Birma

Jubah Bhikkhu Rawan Disalahgunakan untuk Kejahatan

Senin, 15 April 2013

Buddhisme dan KriminalitasBhagavant.com,
Rangoon, Birma – Pihak berwenang Birma telah menangkap seorang bhikkhu yang mencoba untuk menyelundupkan delapan orang warga Bengali Rohingya yang menyamar mengenakan jubah bhikkhu menuju Rangoon dari wilayah Rakhine.

Seperti yang dikatakan oleh polisi setempat yang dilansir oleh RFA’s Burmese Service, Senin (8/4), delapan warga Bengali Rohingya beserta supir mereka juga ditahan oleh polisi di kota Aunn, Rakhine pada Jumat (5/4) setelah mereka berpakaian jubah bhikkhu dalam perjalanannya mengendarai sebuah mobil van ke kota terbesar di Birma.

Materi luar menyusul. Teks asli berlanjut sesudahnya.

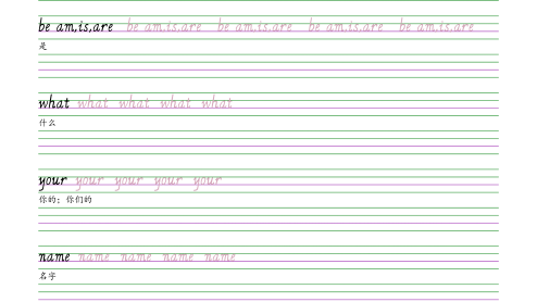 3上丨英语字帖【外研丨孙有中】班级:____________姓名:____________hihihihihi嘿,喂,你好IIIII我be(am,is,are)be(am,is,are)be(am,is,are)be(am,is,are)be(am,is,are)是whatwhatwhatwhatwhat什么youryouryouryouryour你的;你们的namenamenamenamename名字hellohellohellohellohello喂,哈啰,你好mymymymymy我的1/24goodbyegoodbyegoodbyegoodbyegoodbye再见havehavehave...

Bhikkhu yang dilaporkan berasal dari sebuah vihara di kota Kyaikto di wilayah Mon, Birma Tenggara, beserta supir mobil van tersebut didakwa karena melakukan penyelundupan warga Bengali Rohingya dan karena melakukan kejahatan keagamaan karena membantu orang-orang tersebut menyamar sebagai agamawan Buddhis.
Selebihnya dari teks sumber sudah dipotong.